# Wagner and the theme of redemption?



## Joris (Jan 13, 2013)

Since Wagner is known to have redemption as a theme in his operas, I was wondering, and if anyone can help me with this i would be eternally grateful: are there any references in the music itself, so detached from the act(ion) of drama, that denote this redemption?

There's a musical motif named _Erlösung durch Liebe_ in one of his work as far as i know

Thanks a real lot, with love from the Netherlands


----------



## Mahlerian (Nov 27, 2012)

Joris said:


> Since Wagner is known to have redemption as a theme in his operas, I was wondering, and if anyone can help me with this i would be eternally grateful: are there any references in the music itself, so detached from the act(ion) of drama, that denote this redemption?
> 
> There's a musical motif named _Erlösung durch Liebe_ in one of his work as far as i know
> 
> Thanks a real lot, with love from the Netherlands


One thing to keep in mind is that for Wagner, the music and the drama were a single entity.

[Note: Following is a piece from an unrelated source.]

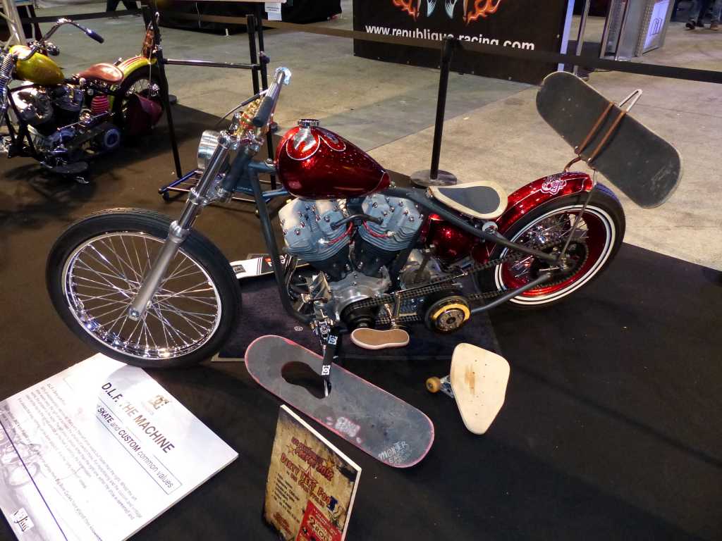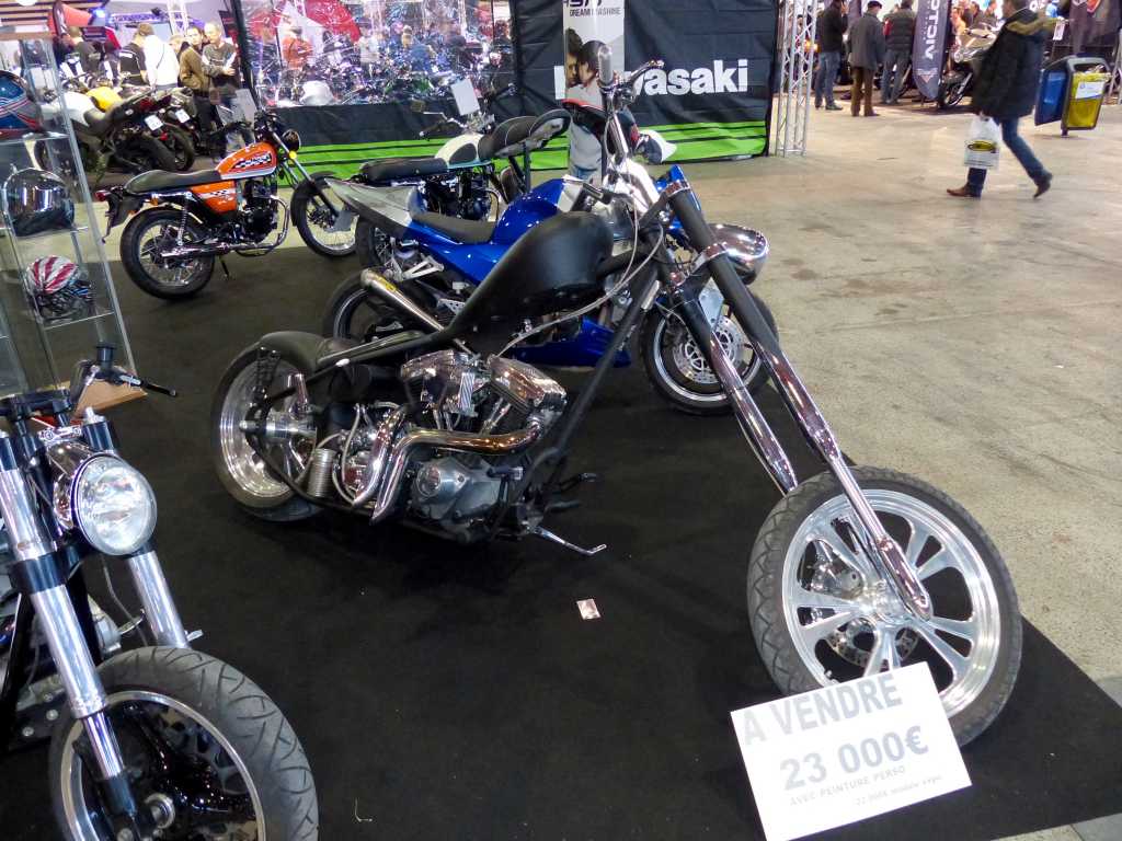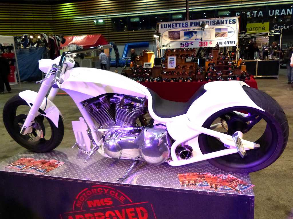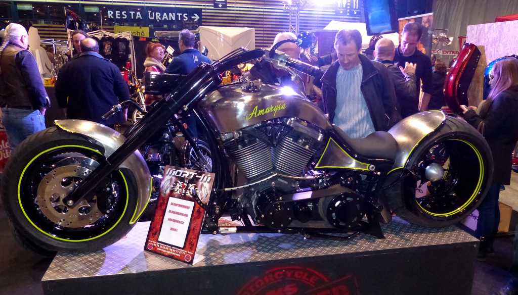 Cette année, ce n’était pas les stands des concessionnaires qui étaient à l’honneur. Oh, ne vous inquiétez pas, c’était bien la 1ère chose sur laquelle on tombait en entrant dans le salon. Mais l’accent était mis sur les choppers et autres motos customisées. Les motos qui ont de la gueule, qui attirent le regard, même si on n’est pas motard. Les meilleurs préparateurs étaient présents : Abnormal Cycle pour l’Italie, HD Thunderbike pour l’Allemagne, ou encore Auch VTM pour la France. Ils nous ont tous sorti leurs plus belles préparations et il y avait vraiment de belles choses. Ca donne envie de travailler sur sa moto. ^_^

The music describes and backs up the on-stage action, and connects it with the libretto. So, everything in the drama is reflected in the music. Also, while a number of "thematic catalogues" were published giving names to the various motifs, Wagner preferred not to do this, and the usage of some of the leitmotivs he used was more ambiguous than clear.

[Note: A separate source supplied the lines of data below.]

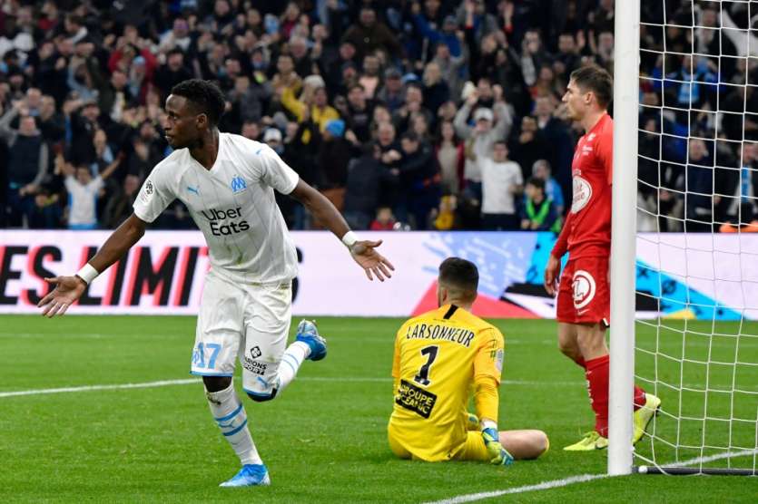 - © 2019 AFP | Crée le 30.11.2019 à 09h24 | Mis à jour le 30.11.2019 à 09h30ImprimerLe Marseillais Bouna Sarr ouvre la marque contre Brest, le 29 novembre 2019 au Stade Vélodrome GERARD JULIEN-AFP
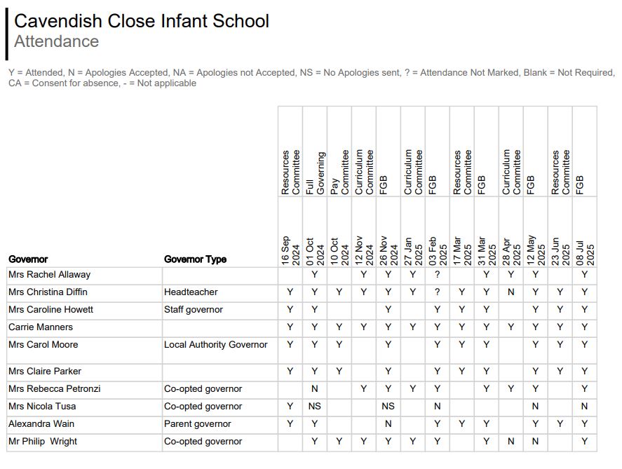 Attendance Record at governing body and committee meetings for the last academic year:
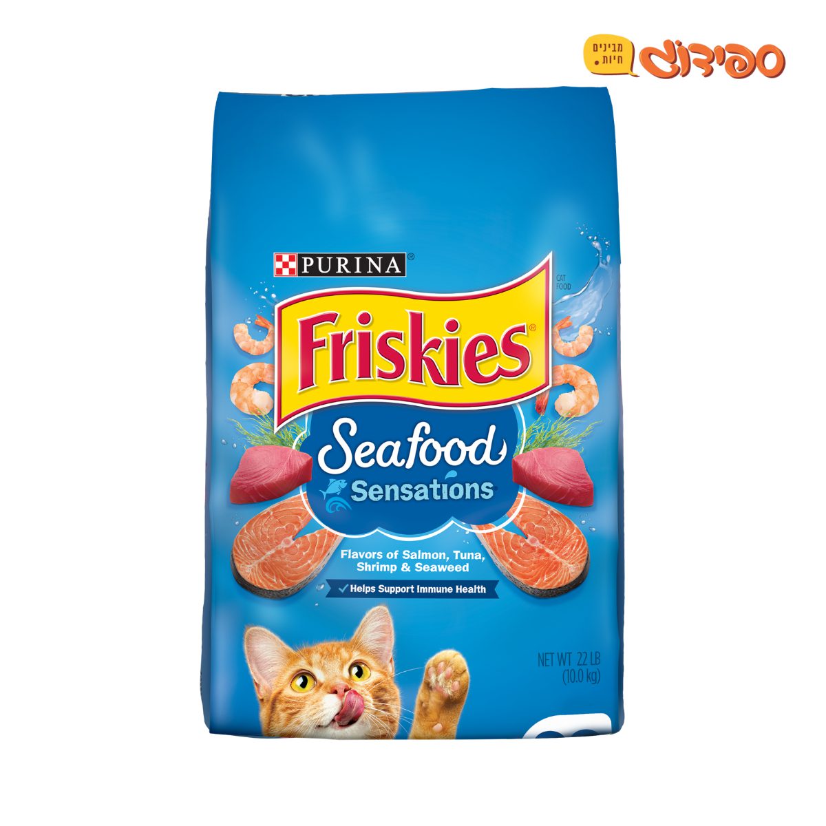 פריסקיס כחול מזון יבש לחתול מבית פורינה, בטעם דג אוקיינוס, סלמון, טונה, שרימפס וסרטן.
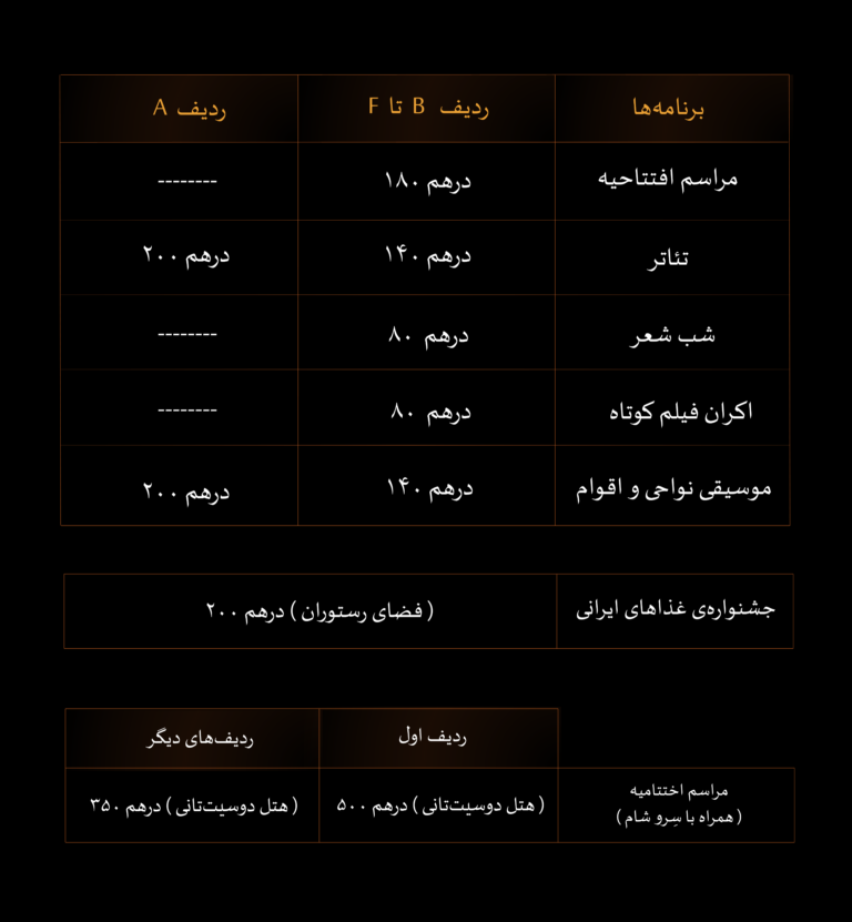 در جدول زیر میتوانید قیمت بلیط های هر شب را مشاهده کنید
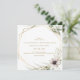 Cette faire-part de mariage géométrique en or d'eucalyptus est parfaite pour votre mariage boho élégant. Il est conçu avec de simples fleurs d'anémones bohémiennes blanches et violettes, des feuilles de sauge à l'aquarelle simpliste et des cadres d'hiver modernes en feuille d'or. Avec son mélange de fleurs blanches et de verdure rustique, vous serez sûr de créer l'atmosphère de vos rêves.
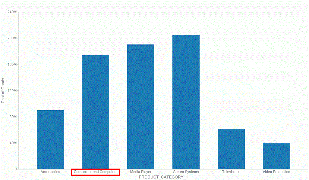 Once you group the values, they display in a unique group on the relevant axis. The group label is based on the original values stored for those components. For example, in the previous image, we grouped Camcorder and Computers in the PRODUCT_CATEGORY_1 group, as shown in the following image.
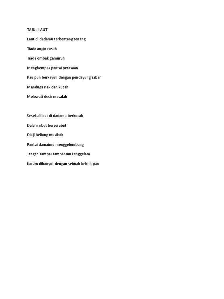 Dengan sajak kutitipkan rindu laut pada pantai yang menggaramkan buihnya 35. Aku mendengar lagu sajak Indonesia - Soekarno Dengan sajak kularutkan mimpi embun pada awan yang merelakan hujannya - Jamal T. Ibarat air laut di pantai meski ia kadang pasang dan surut.
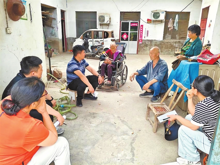 舞钢市尚店镇大黄村驻村第一书记张亚东走访退役老兵五保户。

The motif you're referring to is from the Ring cycle, but I don't remember which one it is specifically. It's bound to be featured in the final immolation scene of Gotterdammerung, though. Similar themes (in the literary, not musical, sense) can be found in his other operas, though, including Der Fliegende Hollander and Tristan und Isolde, so it was definitely a preoccupation of his.


----------



## emiellucifuge (May 26, 2009)

The redemption through love motif in the ring appears twice: At the very end, and in Die Walkure when Sieglinde discovers she is pregant.
http://www.well.com/user/woodman/singthing/ring/Sounds/redemption.au


----------



## Mahlerian (Nov 27, 2012)

emiellucifuge said:


> The redemption through love motif in the ring appears twice: At the very end, and in Die Walkure when Sieglinde discovers she is pregant.
> http://www.well.com/user/woodman/singthing/ring/Sounds/redemption.au


Oh, I remember that one now.


----------



## emiellucifuge (May 26, 2009)

The same can be found in a little song Richard wrote for one of Cosima's birthdays:
http://thewagnerblog.com/wp-content/uploads/2012/03/Kinder2.pdf

Redemption through love is not really a good name for it though...


----------



## Joris (Jan 13, 2013)

Thanks, in his treatise Oper und Drama he wrote _Die Musik ist die erlösende und verwirklichende neue Sprache, _

So I shouldn't see this detached from the drama, or why would Wagner see music as redeeming?


----------



## Joris (Jan 13, 2013)

Here's the thing, Wagner said stuff like this more than once:

"music can never, in any union into which it might enter, cease to be the highest, most redemptive art" (Wagner 1888: vol. 5, 191)

But how is music _itself_ redeeming, what redeeming characteristics does it have? Can anybody perhaps help me with explaining this a little (then I will look up some more literature myself).
Thanks a real lot


----------



## emiellucifuge (May 26, 2009)

Ah, well if that is what you mean then you are looking at it the wrong way.

If you really want to know why music is redemptive then you must read this book:








But here is a quick overview:
http://users.belgacom.net/wagnerlibrary/articles/ney48218.htm


----------



## Joris (Jan 13, 2013)

Thanks a real lot for those links  That's very helpful
I feel kinda stupid now, but when I read that Wagner said 'music is the redeeming art', I thought i could see it separate or something


----------